A good education should, among other things, train you to think for yourself. The examination system does anything but that. What has to be learnt is rigidly laid down by a syllabus, so the student is encouraged to memorise. Examinations do not motivate a student to read widely, but to restrict his reading; they do not enable him to seek more and more knowledge, but induce cramming. They lower the standards of teaching, for they deprive the teacher of all freedom. Teachers themselves are often judged by examination results and instead of teaching their subjects, they are reduced to training their students in exam techniques which they despise. The most successful candidates are not always the best educated; they are the best trained in the technique of working under duress.

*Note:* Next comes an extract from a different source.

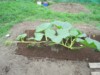 Last but not least, the 496 Geyelin. The plant seems to be sterile, at least as far as the first signs tell me (extremely strong plant, the 2nd best grower out of 6 plants, thickest main vine I�ve ever seen with my plants, absolutely no males had developed until end of june, thereafter some males finally made it into some flowers but without pollen and without stamen). Currently it looks like this pumpkin (496 x 1495) wants to grow, let�s see if it continues to grow for at least the next 10 days, then it will also receive a more comfortable seat in my patch.

The results on which so much depends are often nothing more than a subjective assessment by some anonymous examiner. Examiners are only human. They get tired and hungry; they make mistakes. Yet they have to mark the stacks of hastily scrawled scripts in a limited amount of time. They work under the same sort of pressure as the candidates. And their word carries weight. After a judge’s decision you have the right of appeal, but not after the examiner’s. There must surely be many simpler and more effective ways of assessing a person’s true abilities. It is cynical to suggest that examinations are merely a profitable business for the institutions that run them? This is what it boils down to in the last analysis. The best comment on the system is this illiterate message recently scrawled on a wall: ‘I were a teenage drop-out and now I are a teenage millionaire.’